Band got knocked down, got up again


Self-taught guitarist and junior Will Sturgeon was rejected twice from USC’s music industry major before landing in the new pop music program in 2010.

Now record labels are pursuing the sophomore’s beachside pop rock group The Smiles. And after their latest show at the Roxy Theatre on the Sunset Strip, Sturgeon and his indie band of brothers are poised to ride their potentially hit songs into the musical stratosphere.

There’s nothing like rejection to kick-start a career.

Before he could conjugate verbs, let alone write lyrics, Sturgeon’s parents started him on the piano.

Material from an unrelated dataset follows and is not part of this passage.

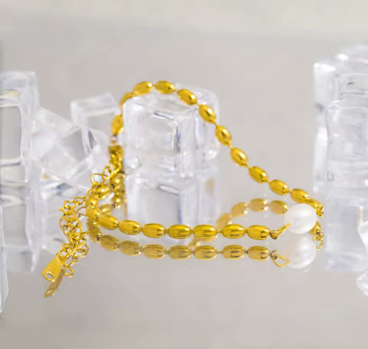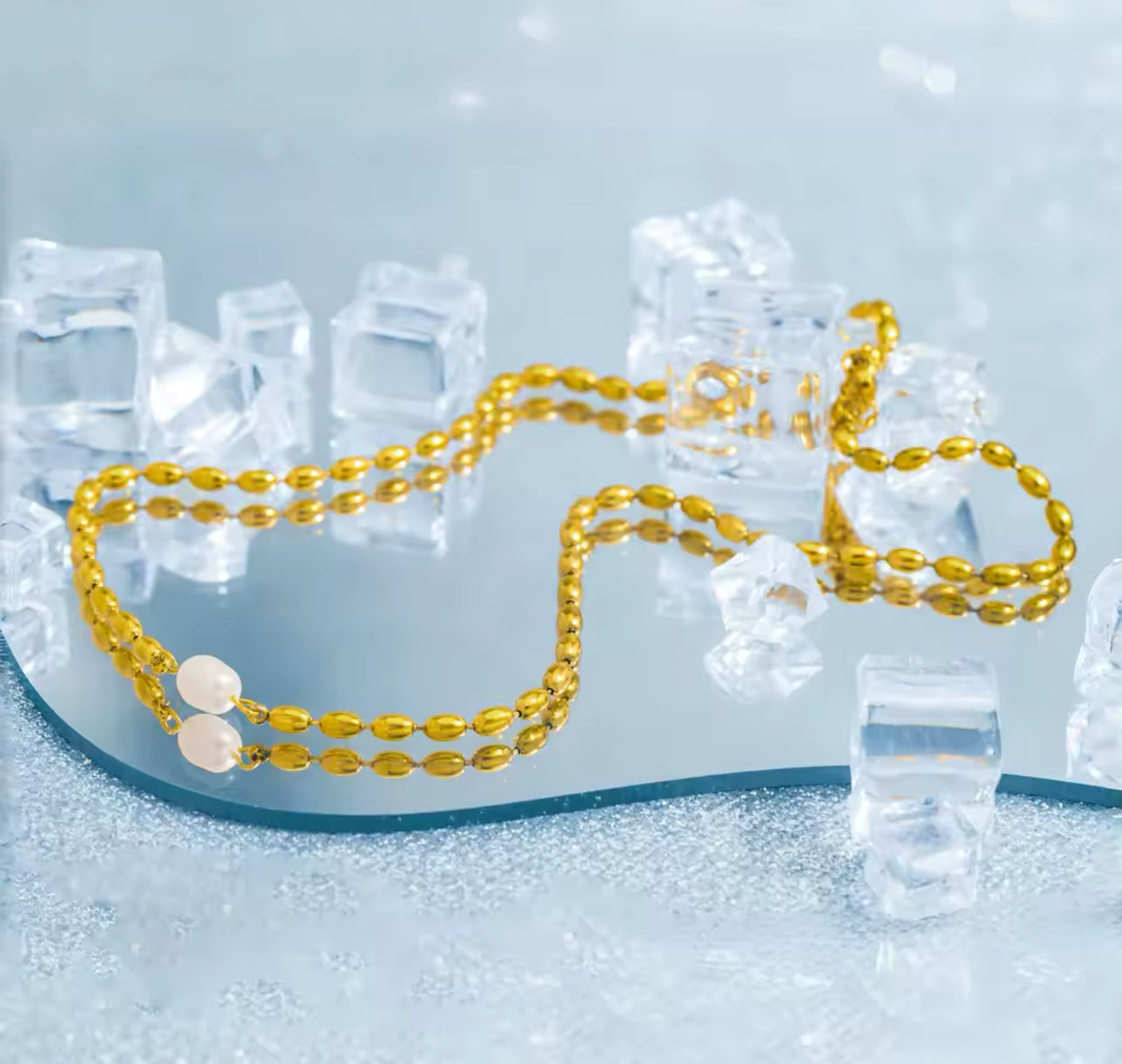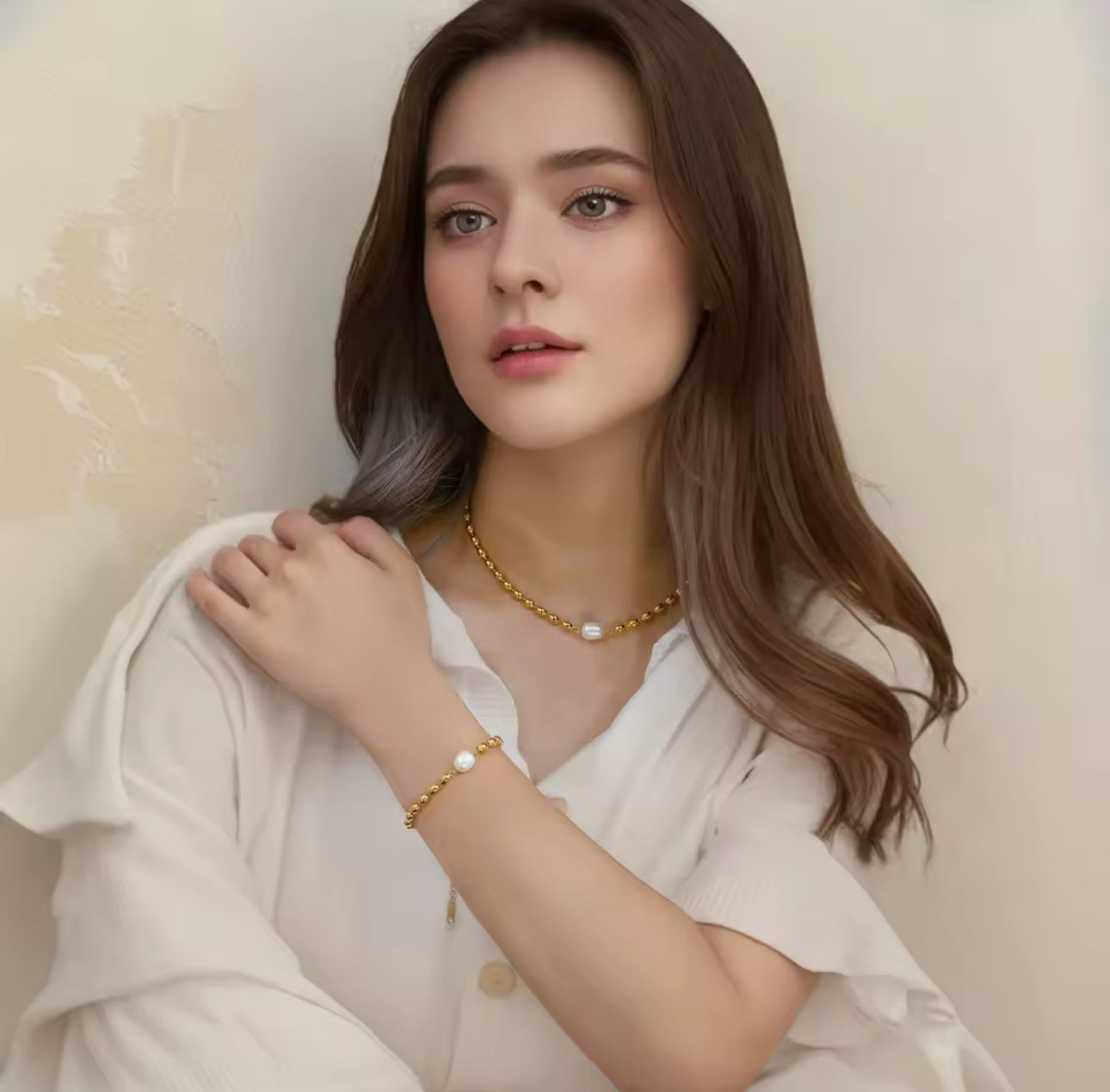 El Set Acero y Perla es perfecto para complementar tu estilo diario. Hecho de acero inoxidable enchapado en oro de 18k, este set de collar y pulsera durará por mucho tiempo. Las perlas naturales añaden un toque elegante y sofisticado a cualquier atuendo. ¡Actualiza tu colección de accesorios con este set de alta calidad!

From kindergarten on, he played keyboard in various scholastic groups, such as his middle school jazz band. Then, during his sophomore year of high school, Sturgeon taught himself how to play guitar from one of those notorious “How to” books. He also learned to record tracks.

Although initially rejected from the music industry program, Sturgeon landed on his feet and joined the ranks of fellow musician  Peter Lee Johnson in the pop music program.

His dream of professional musicianship truly began to take shape, however, when he met John McGrath, a senior majoring in creative writing.

“John and I started writing together in the spring of my freshman year,” Sturgeon said. “And by the fall of sophomore year, John convinced Brendan Kirlin, his friend from Baltimore, to come live out to L.A. and play in a band with us.”

To round out the group, Sturgeon and McGrath called on USC’s own Mark Edwards, a junior, to play drums, and The Smiles were quickly invited to play local shows and USC engagements.

The band then self-recorded its debut release, the EP Hermosa, in the basement of a friend’s house this summer.

These are the humble beginnings of a rock ‘n’ roll band.

More recently, The Smiles opened for Young the Giant at the Roxy on the Sunset Strip, which Sturgeon said he considers to be the highlight of the band’s career. He was ecstatic The Smiles could be on the same stage that had featured Bob Dylan, David Bowie, The Red Hot Chili Peppers, Prince and Bruce Springsteen.

Since the inception of their collaboration, The Smiles have also played KXSC Music Festival — as the event’s only student band — as well as the Muirstock festival at UCSD and the Neon Reverb Festival in Las Vegas.

“The beginning of this year has been really encouraging,” Sturgeon said. “We’ve gotten some great gigs and attention.”

But even with the bands success, The Smiles are still a band trying to break into the behemoth that is the music industry. So what is it about the music industry that scares people? What is it that deters them from pursuing an exclusive career in that field? And why is Sturgeon not worried?

In this era more than ever, a band needs to have a built-in audience or a proven style to warrant scouting by big players. Because the industry itself is insecure, it is becoming more difficult to find a stable career as an artist.

Successful musicians, too, are often derivative or even blatant mimickers of previous idols, giving the industry a numbing and cyclical reputation.

But something also needs to be said about the abundance of opportunities that still exist as small, budding labels spring up yearly and support new provocative, original and revolutionary artists.

Every week, the radio, television or the Internet introduces us to a bold new artist that we’ve never heard of, or a friend sends us a YouTube video of his buddy back in Baltimore who just played a remarkable live set at a club or coffeehouse.

What’s so encouraging is that the members of The Smiles are living their dream, despite the odds.

People always talk about doing what makes them happy, which has become a cliché, rather than a desired goal. The problem is that it fails to address happiness found outside of a career, such as the joy of family, which may demand a certain kind of career stability.

People can find happiness in any career, even if it’s sporadic, which disguises the underlying desire for change and self-betterment.

Financial stability leads to happiness in a way, but this is not the same as stability of the soul. Doing what you love rids your world of voids, which a life of compromise demands that you fill. When you pursue what you love, you exist in a world of abundance and not of emptiness.

For The Smiles, a band most people probably have never heard of, the music industry isn’t dying. If anything, they are tangible proof that it’s not even broken.

“The dream was always to be able to make a living off of what I love to do,” Sturgeon said.

Brian Ivie is a sophomore majoring in cinema-television critical studies. His column, “Dreammaking,” runs Tuesdays.